The Resource Description Framework (RDF) is the basic data model for the Semantic Web. It is built upon one of the simplest structures for representing data: a directed labelled graph. An RDF graph is described by a set of triples of the form <Subject Predicate Object>, also called statements, which may be viewed as connecting subjects to objects via edges labelled by the predicates. Since any of these can be - dereferenceable - URIs, these edges may be equally viewed as “typed” links between resources and other resources, where resources - unlike in the HTML Web, are no longer restricted to be documents, but arbitrary entities, that can be identified by URIs.

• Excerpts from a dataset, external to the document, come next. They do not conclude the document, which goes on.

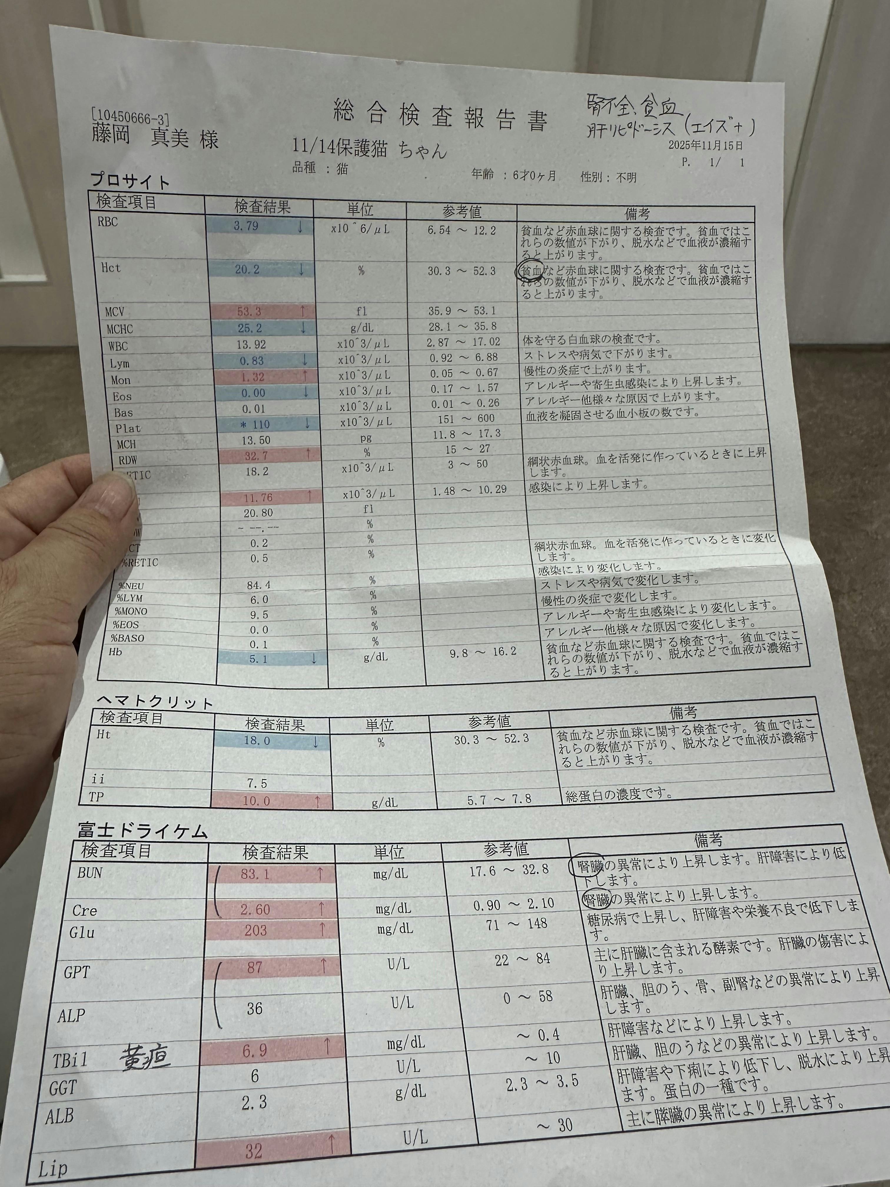 4時間待ちでしたが診てもらい腎不全、貧血、などで入院することになりました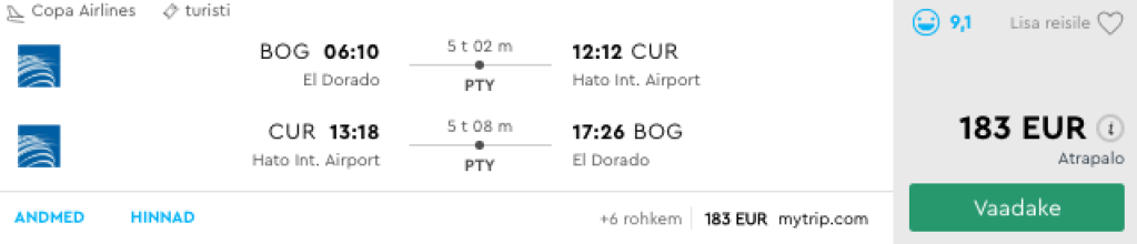 Bogota-Curacao-Bogota 183€Hollandile kuuluvale Curacaole ning ka Arubale (IATA kood AUA) pakub COPA edasi-tagasi lennupileteid Bogotast 183€ eest.
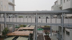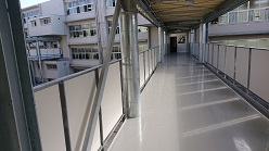 <特別教室棟から教室棟を望む> <教室棟と特別教室棟を結ぶ渡り廊下>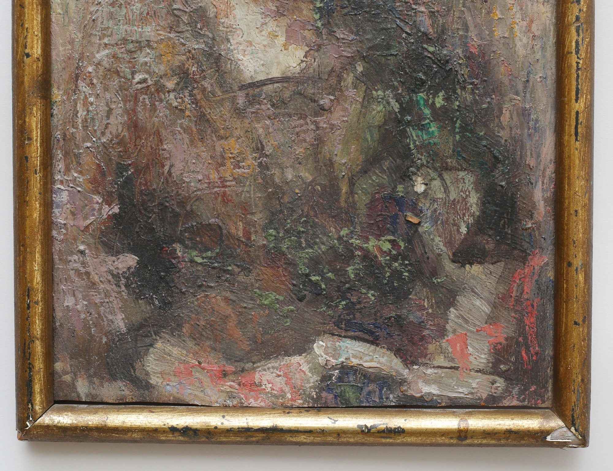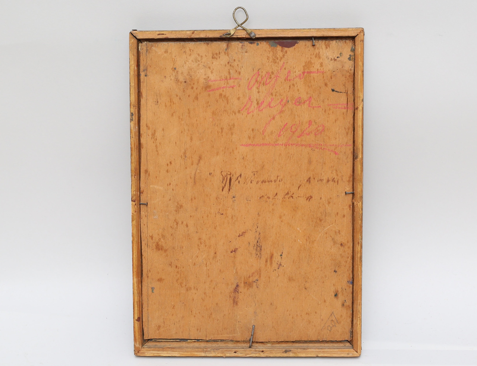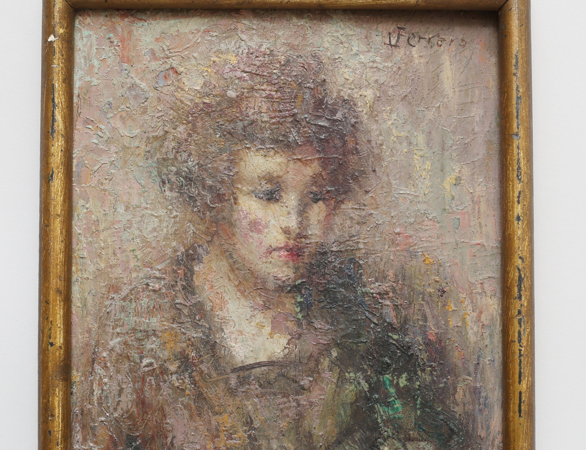 oljemålning på pannå, kvinnoporträtt, signerad, atergo anteckningar, 24x17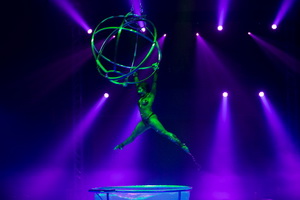 Jana Roberts eröffnet den zweiten Programmteil mit Luftakrobatik an einer Gitterrohrkugel. Die Abläufe entsprechen denen am Ringtrapez und ein Wasserbassin ist gleichfalls in die Darbietung einbezogen.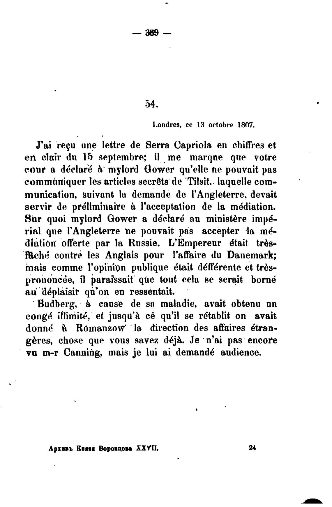 Sur quoi mylord Gower а d6elar6 аи ministbre imp6-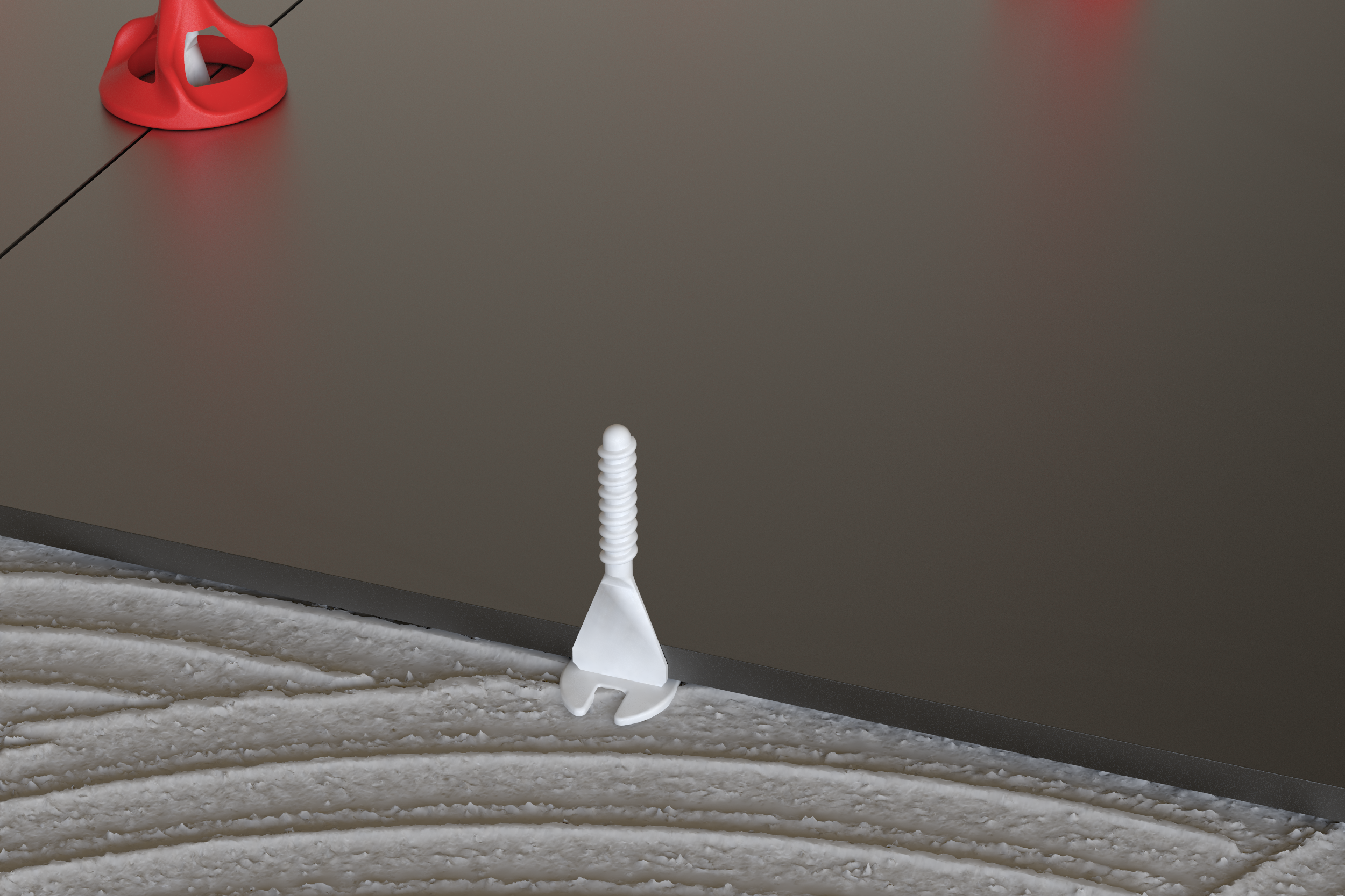 Тази система позволява едновременно регулиране на нивото и фуговата междина, което я прави по-ефективна в сравнение с традиционните решения. Дистанционерите с винт 2 мм са консумативи, докато пристягащата гайка може да се използва многократно, като за разлика от други нивелиращи системи може да се затегне ръчно, без да се използват клещи.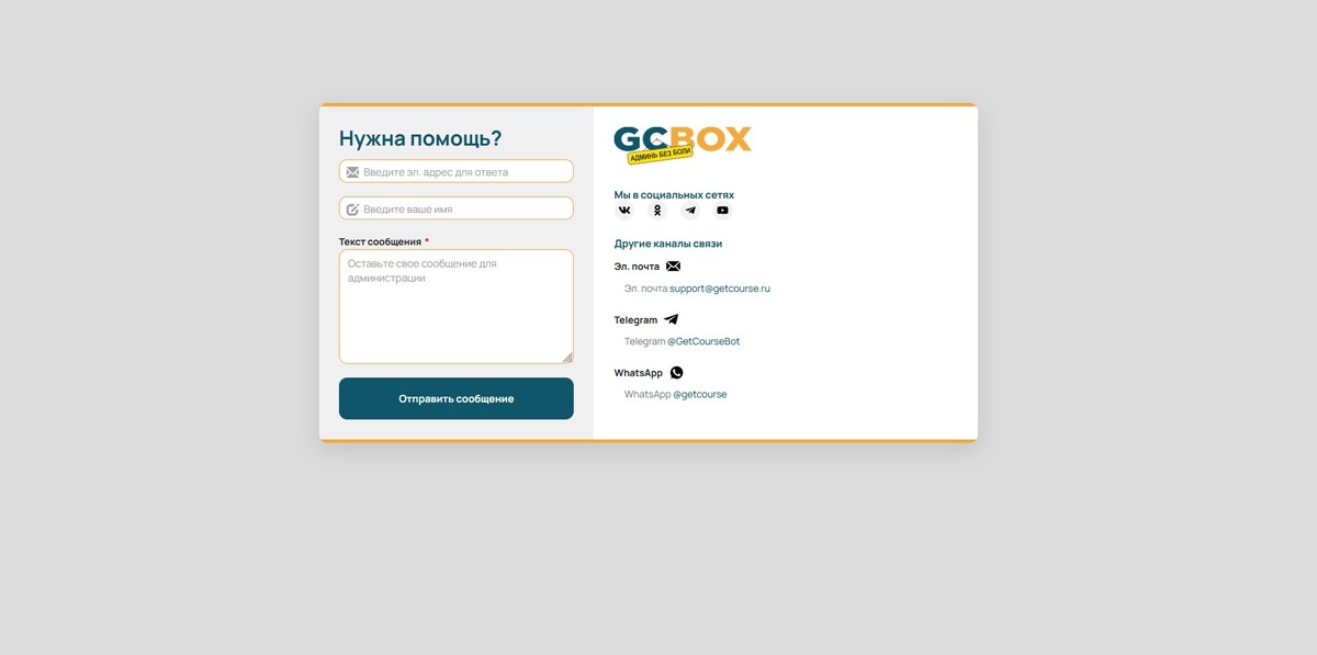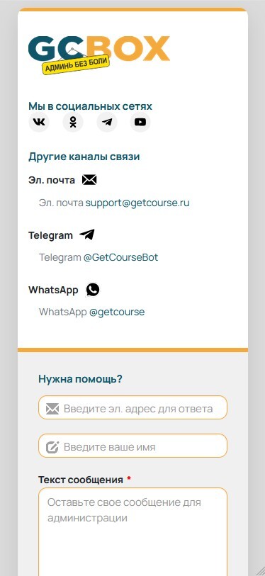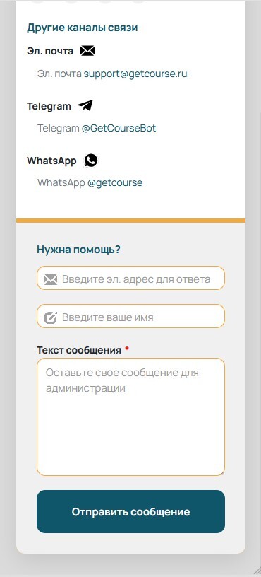 - Оформление страницы обратной связи для аккаунтов Getcourse

RDF's flat graph-like representation has the advantage of abstracting away from the data schema, and thus promises to allow for easier integration than customized XML data in different XML dialects: whereas the integration of different XML languages requires the transformation between different tree structures using transformation languages such as XSLT (Kay, 2007) or XQuery (Chamberlin et al., 2007), different RDF graphs can simply be stored and queried alongside, and as soon as they share common URIs, form a joint graph upon a simple merge operation accumulating their respective triples in one joint graph. While the normative syntax to exchange RDF, RDF/XML (Beckett and McBride, 2004), is an XML dialect itself, there are various other serialization formats for RDF, such as RDFa (Adida et al., 2008), a format that allows one to embed RDF within (X)HTML, or non-XML representations such as the more readable Turtle (Beckett and Berners-Lee, 2008) syntax; likewise RDF stores, that is, special databases for RDF, normally use their own, proprietary internal representations of triples, that do not relate to XML. Various RDF stores that can store and handle RDF data efficiently and at large scale are nowadays available off-the-shelf, both commercial systems and academic ones, such as YARS2 (Harth et al., 2007), Jena TDB (http://www.openrdf.org/) to name a few. For an overview of RDF Stores, see also (Haslhofer et al., 2011); a recent article also discusses the use of NoSQL graph databases to store and process RDF (Cudré-Mauroux et al., 2013).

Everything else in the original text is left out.